We’ll talk about the Edge object later, but if you are observant, you may have noticed that compared to the Scalar version, we have an additional backward_fn attribute. This is the price we pay for vectorization.

First, let’s see what Tensors can do.

Tensors and operations#

Tensors support quite a few operations:

  • pointwise addition +,

  • pointwise subtraction -,

  • pointwise multiplication *,

  • pointwise division /,

  • pointwise exponentiation **,

  • matrix multiplication @,

  • and matrix transposition T.

Thanks to the broadcasting magic of NumPy, the other operand need not be a Tensor, it can be a vanilla Python number. (We’ll open a whole other can of worms with broadcasting, but we’ll cross that bridge later.)

x = Tensor.ones(3, 4)
2 + x
Tensor([[3., 3., 3., 3.],
       [3., 3., 3., 3.],
       [3., 3., 3., 3.]])

Just like Scalars, we can apply functions to Tensors.

from mlfz.nn.tensor.functional import exp

x = Tensor(value=np.array([[1, 2], [3, 4]]))
exp(x)
Tensor([[ 2.71828183,  7.3890561 ],
       [20.08553692, 54.59815003]])

As a Tensor is essentially a wrapper over NumPy arrays, it has its own sum and mean methods, working identically to the original versions.

x = Tensor.ones(3, 4)
x.sum()
Tensor(12.)
x.sum(axis=0)
Tensor([3., 3., 3., 3.])
x.sum(axis=1)
Tensor([4., 4., 4.])
y = Tensor(np.array([[1, 2], [3, 4]]))
y.mean()
Tensor(2.5)
y.mean(axis=0)
Tensor([2., 3.])

Computational graphs with Tensors#

Just like most features, the graph-building is the same as well: it is dynamically built upon applying functions and operations.

from mlfz.nn.tensor.functional import sigmoid, tanh

x = Tensor.from_random(1, 3)
A = Tensor.from_random(3, 5)
B = Tensor.from_random(5, 1)

y = sigmoid(tanh(x @ A) @ B)
y
Tensor([[0.82274369]])
y.shape
(1, 1)

Again, the y.backward method calculates the gradient of y with respect to all nodes in the graph.
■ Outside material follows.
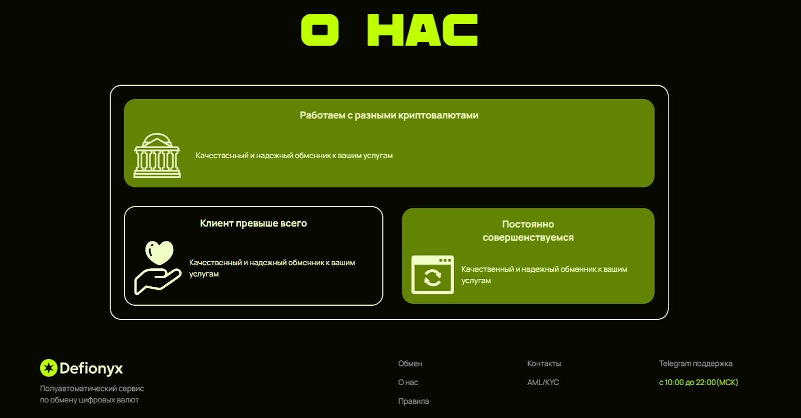 Веб-сайт обменного пункта представляет собой классический шаблон. С первого взгляда видно, что сервис за 100 условных рублей делали непрофессионалы без фантазии. В хедере портала представлены вкладки «Обмен», «О нас», «Правила», «Контакты», AML/KYC. Раздел о нас знакомит посетителей с качественным и надежным обменником, для которого очень важны клиенты.

As our nodes are tensors, the backwards gradient will be a tensor as well, with the shape matching the node’s shape.

y.backward()
x.backwards_grad
array([[0.09267923, 0.08430855, 0.09109362]])
A.backwards_grad
array([[0.01385932, 0.007838  , 0.00854733, 0.00027595, 0.02864256],
       [0.04586972, 0.02594114, 0.0282888 , 0.0009133 , 0.0947973 ],
       [0.02096891, 0.01185875, 0.01293196, 0.00041751, 0.04333568]])
B.backwards_grad
array([[0.04840085],
       [0.10909941],
       [0.12004132],
       [0.11893912],
       [0.07835384]])

In essence, tensors allow us to vectorize computational graphs, increasing the speed and simplicity like you wouldn’t believe. Let’s proceed to build one!